NAIROBI, Kenya, Feb 7 – Kenya’s retail sector grew by 13 percent in 2016 lifted by a rising consumer trend of bulk buying, according to a new survey by Procter & Gamble.
The availability of quality products, specifically branded items, and better prices for bulk purchases was the second driver of the growth of the sector despite the business challenges in 2016.
P&G Managing Director Vivek Sunder noted that supermarkets are quickly becoming the preferred channel as more outlets open in residential areas, contributing to the segment’s 18 percent growth.
“Proximity to consumers is one of the big drivers for supermarkets. The local store as a channel is gaining importance within the retail space,” he said.

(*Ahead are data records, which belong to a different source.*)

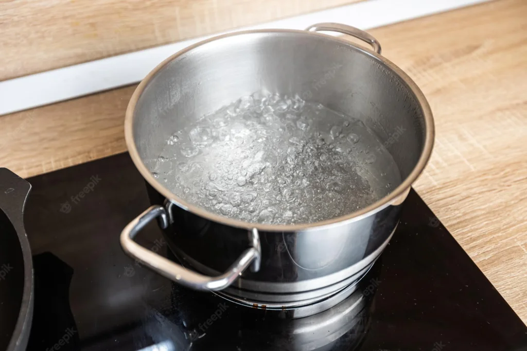 Coloque 1 Litro de água em qualquer recipiente e deixe-á até começar a ferver.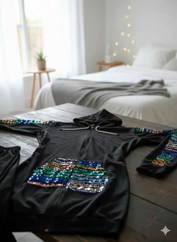 Generic - Casual Set For Women Milton Black Fashion Sportswear Set With Colorful Embroidery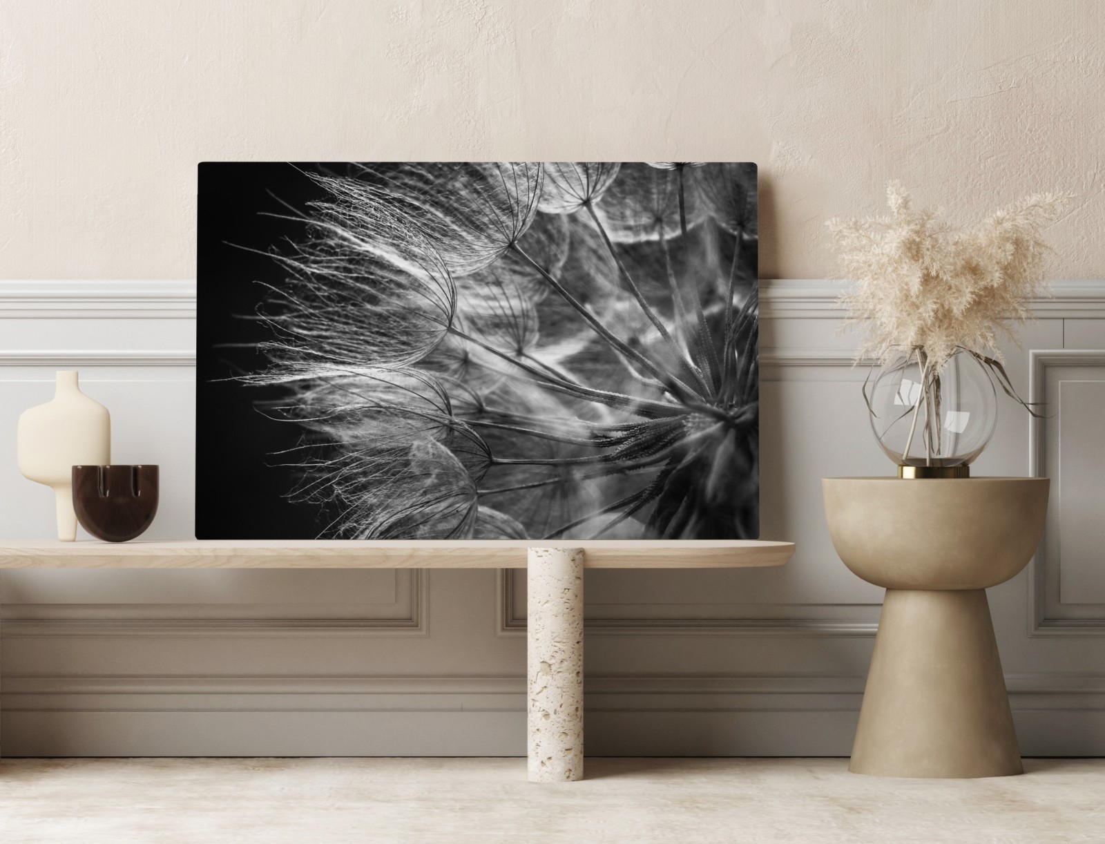 Obraz na płótnie Delikatny puch dmuchawca w monochromie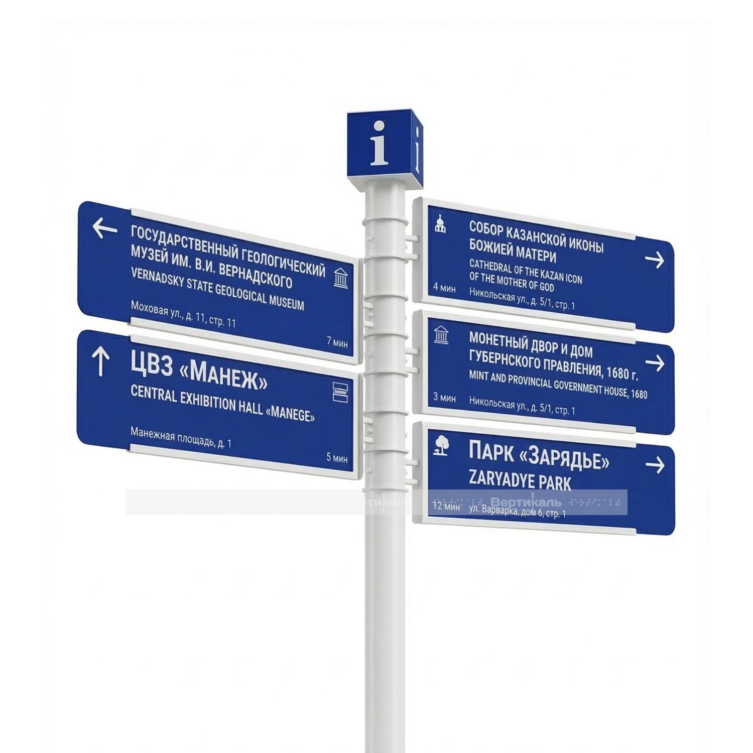 Городской указатель служит для навигации жителей и гостей, помогая быстро находить нужные объекты. Конструкция предусматривает поворотный механизм табличек, позволяющий легко обновлять информацию о направлениях без физического перемещения самого столба.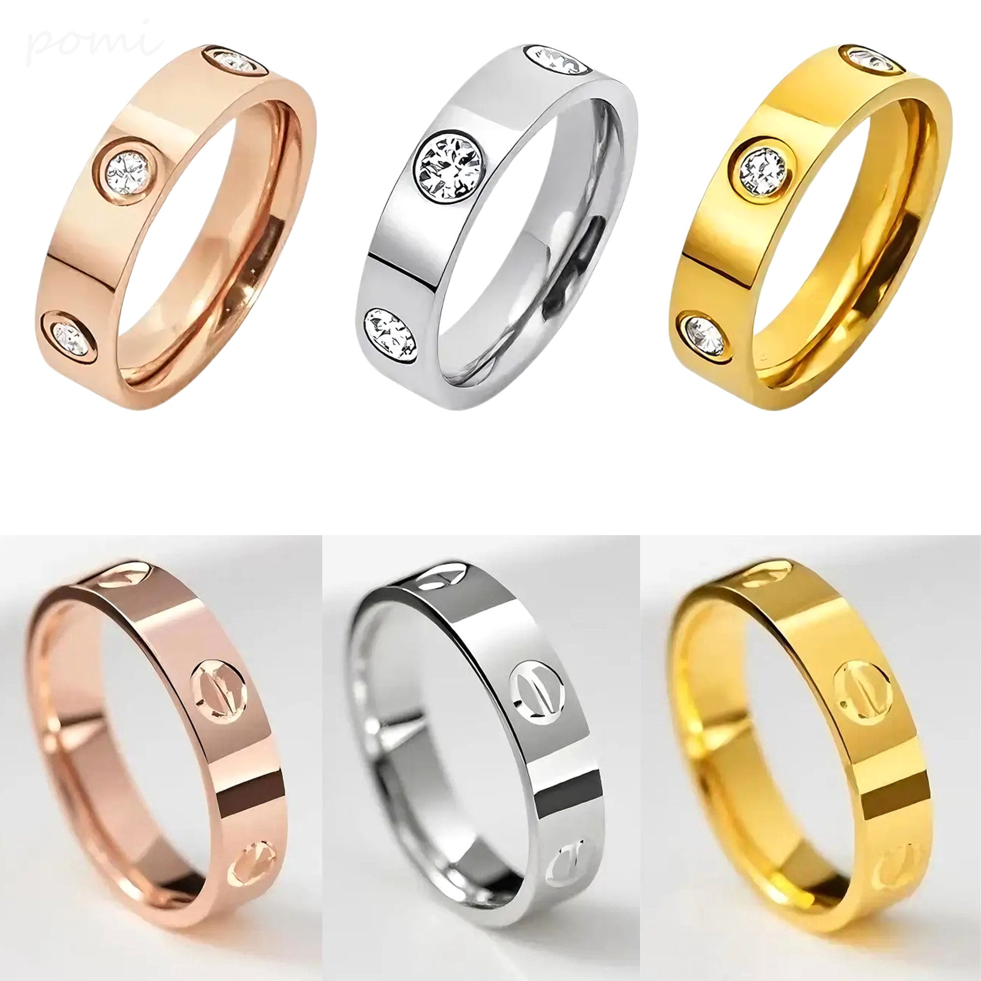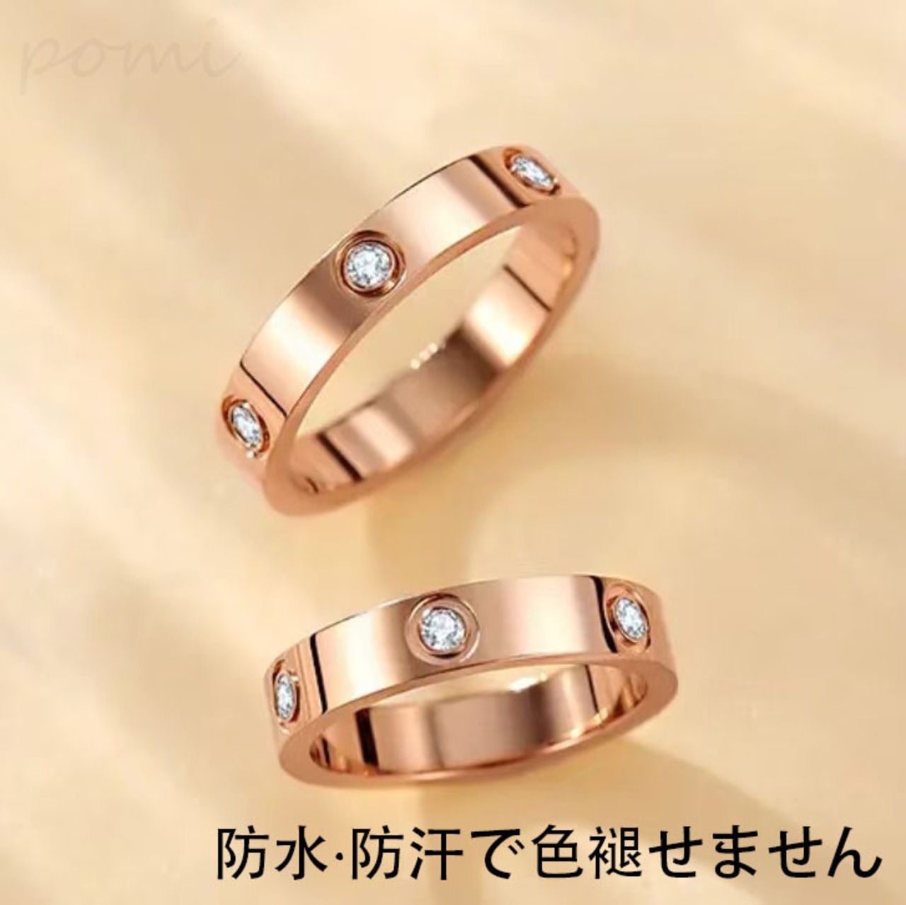 ローズゴールドカラーのジルコニア入りチタンステールプレジュールリングジュエリー 誕生日プレゼント レディース ラブ&フレンドシップ ゴールドリング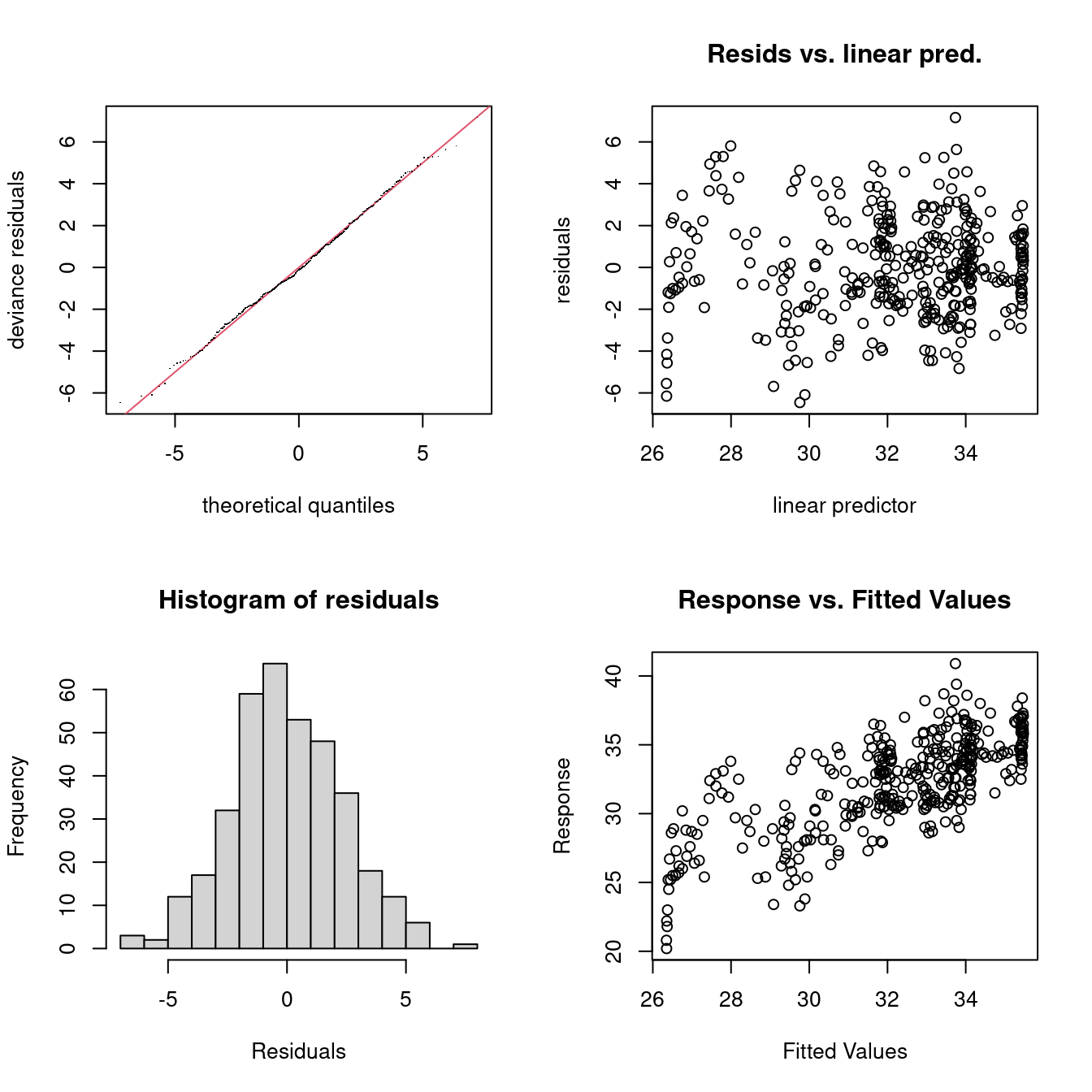 Note that I’ve bumped-up the maximum basis size. I could have increased it a lot more for this basic GAM, since it’s trying to fit to all that variation in the data. This is one of the many issues with fitting a “simple” model to this kind of high-resolution time series data – our usual ideas of how to increase complexity don’t make sense. We want to get to the underlying pattern for the year, rather than getting hung-up on short-scale phenomena.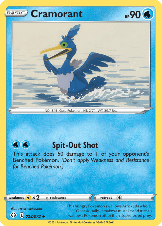 This hungry Pokémon swallows Arrokuda whole. Occasionally, it makes a mistake and tries to swallow a Pokémon other than its preferred prey.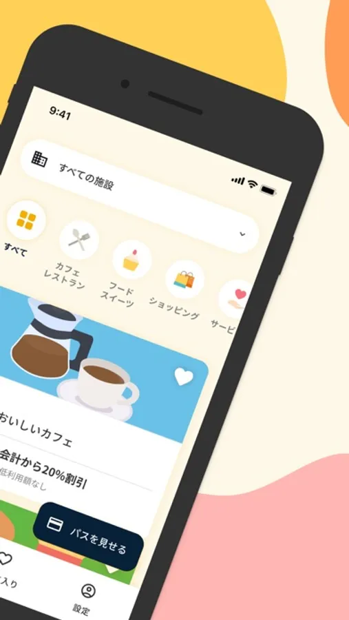 アプリのパス画面を店舗でご提示いただくと、アプリに掲載の店舗ごとの優待を受けることができます。 お気に入り登録機能、施設ごとに店舗を絞り込む機能などもご活用ください。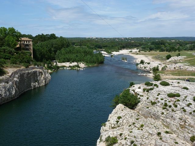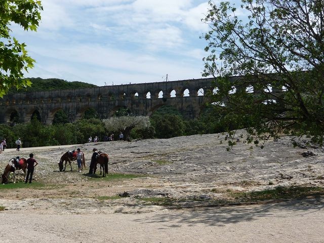 Scheinbar hatte ich falsch recherchiert. Also zurück nach Remoulins und gleich den ersten freien Parkplatz hinter der Brücke genommen. Die zwei Km bis zur Pont de Gard entlang der Platanenallee waren ja noch machbar. An der Brücke war reges Treiben. Es wurden Buden aufgebaut, mehrere open-Air Discos und ein Feuerwerk wurde durch Fassadenkletterer installiert. Am Samstagabend sollte hier ein großes Fest stattfinden. Wir überlegten ob wir bleiben sollten um das Spektakel zu erleben entschlossen uns dann doch zur Weiterfahrt.

A total of 470,000 square meters of land are occupied by malls and proposed shopping complexes. This makes Kenya a distance second to South Africa that leads with 3.5 million square meters.
“To break it down, Kenya’s retail is growing faster than the economy. Chain retail developing is an indication of economic development due to shopping dynamics in that channel, such as bulk shopping.”
Although certain retail chains struggled over the period, this was countered by the mushrooming of small and medium outlets in residential areas, Anthony Ng’ang’a, Brand and Commercial Operations at Procter & Gamble explained.
Globally, Euromonitor projections show that total retail is expected to grow by 84 percent to US$16 Billion in 2020 from the current US$9 Billion in 2015.
However, traditional retail still dominates the markets. According to Sunder, traditional trade will continue to be the dominant despite declining in importance.
The survey also revealed that M-commerce in the country has tripled in the past two years, making it the fastest growing sector in retail. It is also the biggest driver within non-store retailing.
“Better technological infrastructure coupled by increased internet penetration and smart payment methods is boosting non-store retailing.”